The new Subaru Solterra is an eye-catching car, but it won't launch with an eye-watering price tag.

Subaru Australia has announced it will launch its first electric car in 2023, in the form of the much-anticipated Solterra SUV - and while the brand is yet to confirm local market pricing, we know it will be all-wheel drive (because of course it will), and will pack a 71.4kWh battery pack, good for about 460km of electric driving range.

Those numbers put it on par with rivals like the Hyundai Ioniq 5 and Kia EV6, but one number that could well be a lot smaller in the Subaru’s case is its price.

The Ioniq 5 starts at $75,900 (MSRP) for the all-wheel drive model, while the EV6 AWD kicks off from $82,990 (MSRP). 

Subaru’s AWD EV SUV is set to be a bit cheaper, if comments from the brand’s Australian managing director, Blair Read, are, ahem, on the money.

When asked if the Solterra will be the brand’s most expensive car, Mr Read coyly replied: “Maybe”. 

That would mean it would have to be more than $57,990 (MSRP), which is the list price for the top-spec WRX Sportswagon tS.

It would be unprecedented for the first Subaru EV to be in the sub-$60,000 price range, but Mr Read was clear that the market is changing quickly, and prices of cars on sale today may prove to be outdated and expensive when newer EV models launch in the coming months and years.

“The way I would describe that marketplate is that it’s very dynamic,” he said. “Those are the existing competitors today. But when that vehicle comes to market, in terms of development across even our range, and the broader market, it’s a dynamic market that will keep evolving.

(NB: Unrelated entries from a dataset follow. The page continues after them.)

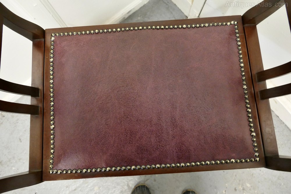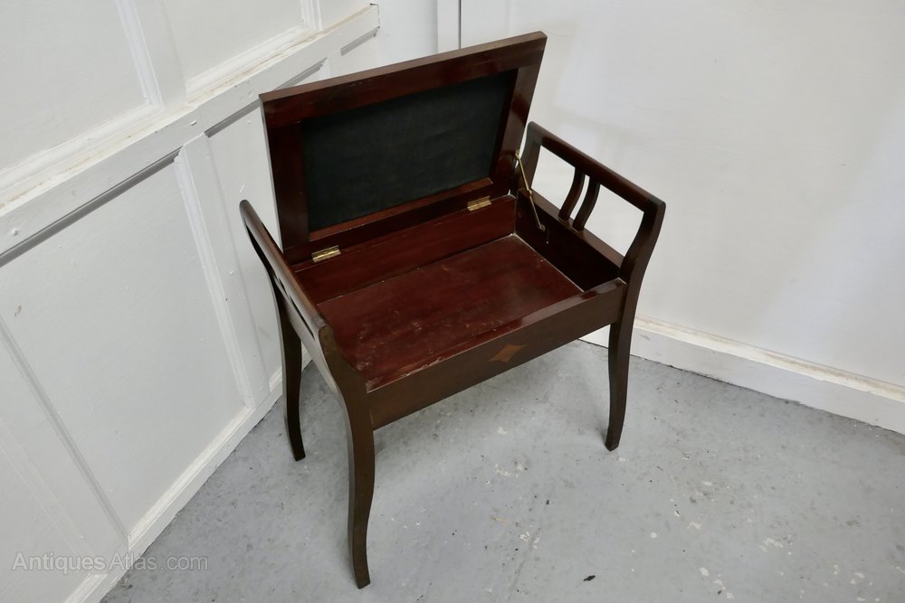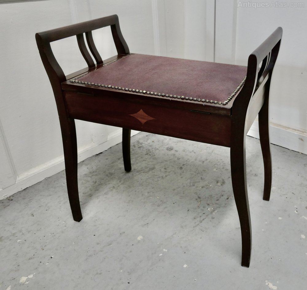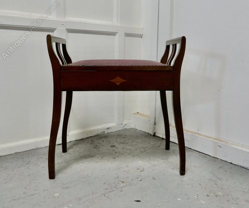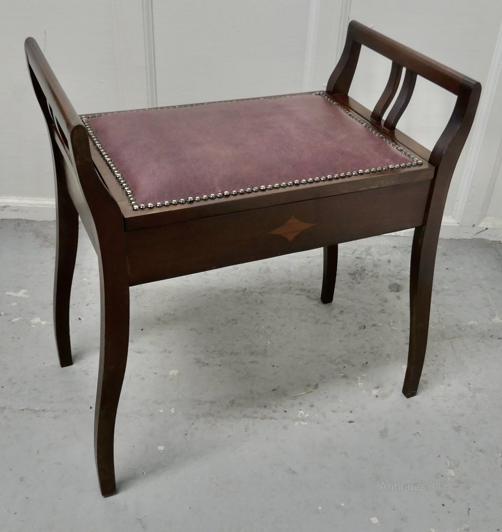 An Edwardian Inlaid Mahogany Piano StoolThis Elegant Inlaid Mahogany Piano stool is in very good condition, it has an inlaid decoration, the seat is covered with dark red leather and has a studded border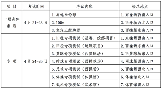(四)測試采用分組輪換、集中測試的方式進(jìn)行,4月21-23日為一般身體素質(zhì)測試,4月24-25日為專項(xiàng)測試,考生具體考試時(shí)間以《專業(yè)準(zhǔn)考證》上公布為準(zhǔn)。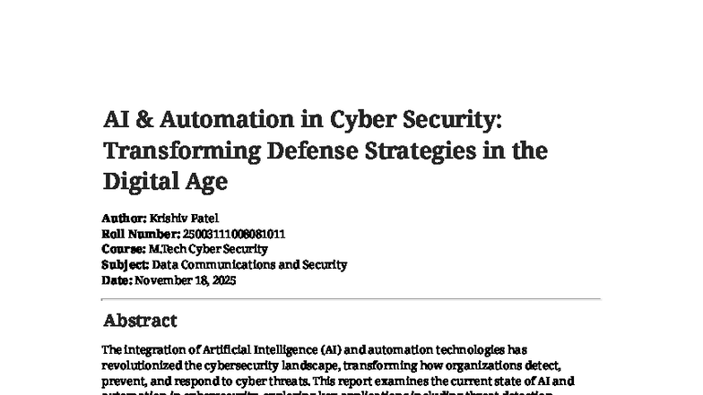 AI Automation in Cyber Security: Transforming Defense Strategies (M ...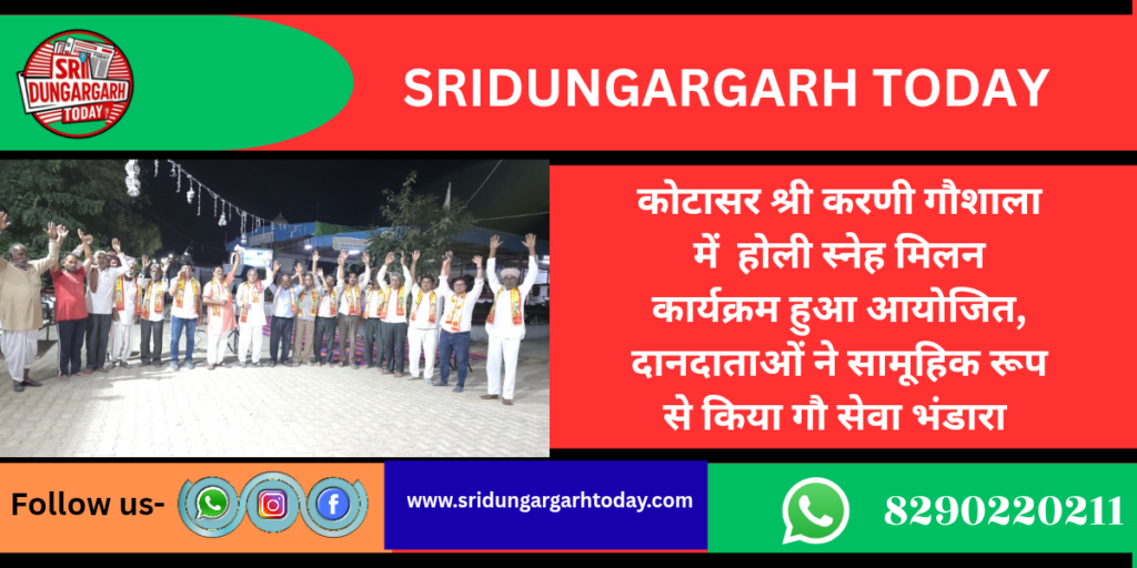 होली के रामा श्यामा के अवसर पर गौशाला कमेटी, ग्राम वासियों ने एवं गौशाला से जुड़े हुए भामाशाहों स्नेह मिलन कार्यक्रम आयोजित हुआ सभी ने भी एक दूसरे को होली की बधाई देते हुए गोमाताओं को गुड़ खल मूंग चूरी का भंडारा समर्पित कर होली का पर्व मनाया स्नेह मिलन कार्यक्रम में मुख्य अतिथि के रूप में सीए हीरालाल सुथार दुलचासर दिल्ली प्रवासी गोपाल माहिया दुलचासर मास्टर देवीलाल छरंग दुलचासर, करणीदान सुथार दुलचासर राजाराम सुथार, कोजाराम सुथार, गोविंद राम महिया, श्री भगवान सेन, धर्मेंद्र स्वामी दुलचासर सहित सभी अतिथियों को गौशाला परिवार की ओर से दुपट्टे पहनाकर सम्मान करते हुए जताया आभार।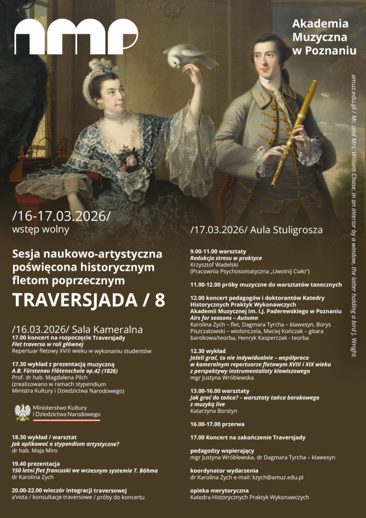 W dniach 16-17 marca 2026 r. zapraszamy do Akademii Muzycznej na sesję naukowo-artystyczną Traverjsada Historyczne flety poprzeczne w teorii i praktyce Harmonogram: 16 marca | Sala Kameralna 17:00 … Czytaj dalej Traversjada. Historyczne flety poprzeczne w teorii i praktyce/17.03.2026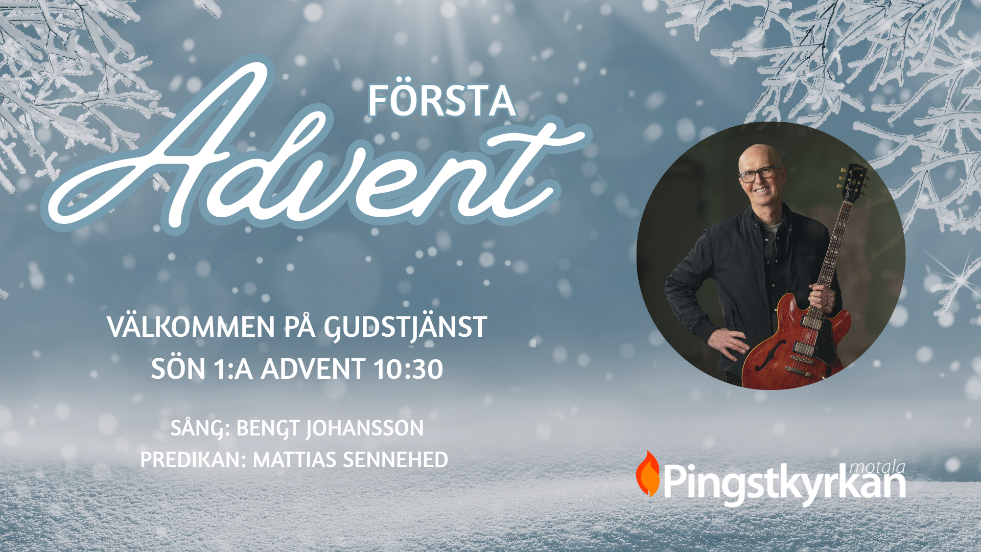 Välkommen till Pingstkyrkan i Advent. I gudstjänsten firar vi nattvard, Mattias Sennehed predikar och Bengt Johansson leder sången. Barnen har söndagsskola också. Efter gudstjänsten serveras adventsfika.

“What we are most focused on at the moment is how the positioning lands from a Subaru brand perspective and we’ve always had strong repurchase, strong loyalty to the brand. So how do we position this so that it appeals to traditional Subaru owners so that they see the benefit of the vehicle, they see the evolution of the brand they love, and it’s positioned well for existing owners. That’s initially the focus for us,” said Mr Read.

Reading between the lines there, the Subaru brand has, in recent times, become heavily focused on value for money, so to ask customers to fork out $70,000 or more for an EV could be a big ask.

However, the Solterra is just the start of the brand’s electric car range, and - given it is a product of the alliance between Subaru and Toyota, and the latter brand has announced a game-changing EV strategy involving 30 electric vehicles by 2030 - it seems likely there will be further spillover between the brands and their EV offerings.

“There is obviously joint collaboration in that space, and obviously both of those manufacturers have worked together to challenge each other to make better cars. That, from the Subaru perspective, has come to fruition with BRZ and now Solterra,” said Mr Read.

“So, there’s obvious linkages there, but then Subaru has its own direction outside of that where it has to stand on its own feet and take the evolving technologies that it wants to.

“There is some joint work, and there will be some great sharing out of that which benefits both brands, and there will be Subaru’s own story around that.”